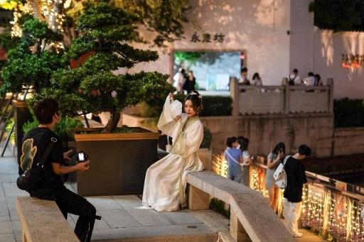 夜晚的永庆坊,不时能遇到穿汉服拍照的游客。
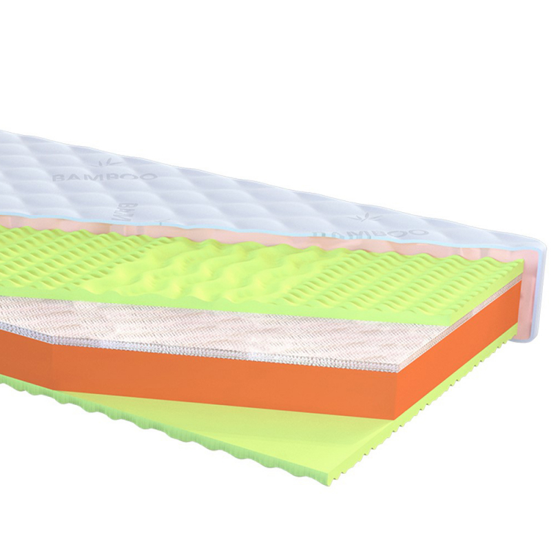 Vrchní vrstvy jsou zhotoveny z kvalitního latexu s masážním profilem. Střední vrstva je vyrobena z tvrdé kvalitní studené pěny typu HR4542 a unikátní 3D mřížky, která zaručuje perfektní odvětrání matrace. Možnost výběru potahu: Standard, Silver, Bambus.
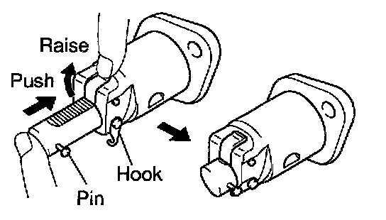 a. Release the ratchet pawl, fully push in the plunger and apply the hook to the pin so that the plunger cannot spring out.
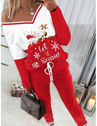 בגדי ריקוד נשים אופנתי סגנון רחוב ערכות מכנסיים בולרו טופ שרוול ארוך צווארון V חג המולד המכוער דפוס חג מולד בָּחוּץ עבודה יין סתיו רגיל
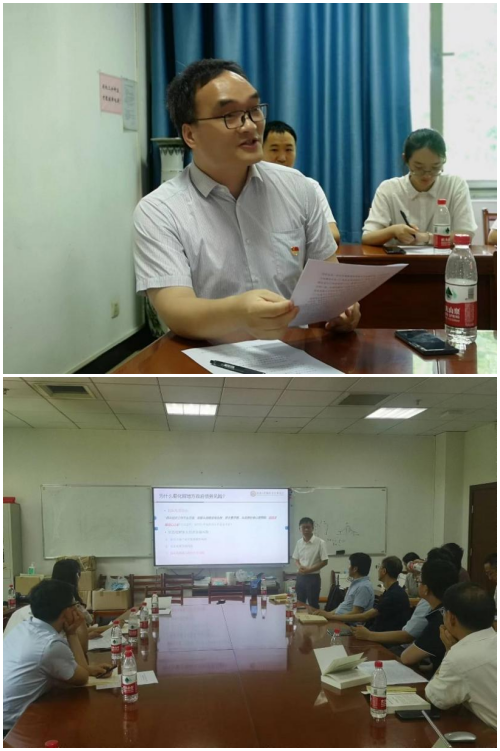 学院党委委员、副院长余振教授代表学院热情欢迎中国人民银行武汉分行金融研究处全体党员的到来。金融系党支部书记李斌教授领学了《习近平著作选读》和《习近平关于调查研究论述摘编》部分篇目,一楼一凤

________

What to do: Pictures stay out; everything else in the records gets copied exactly.

Worked solution:
 夜晚的永庆坊,不时能遇到穿汉服拍照的游客。
 Vrchní vrstvy jsou zhotoveny z kvalitního latexu s masážním profilem. Střední vrstva je vyrobena z tvrdé kvalitní studené pěny typu HR4542 a unikátní 3D mřížky, která zaručuje perfektní odvětrání matrace. Možnost výběru potahu: Standard, Silver, Bambus.
 a. Release the ratchet pawl, fully push in the plunger and apply the hook to the pin so that the plunger cannot spring out.
 בגדי ריקוד נשים אופנתי סגנון רחוב ערכות מכנסיים בולרו טופ שרוול ארוך צווארון V חג המולד המכוער דפוס חג מולד בָּחוּץ עבודה יין סתיו רגיל
 学院党委委员、副院长余振教授代表学院热情欢迎中国人民银行武汉分行金融研究处全体党员的到来。金融系党支部书记李斌教授领学了《习近平著作选读》和《习近平关于调查研究论述摘编》部分篇目,一楼一凤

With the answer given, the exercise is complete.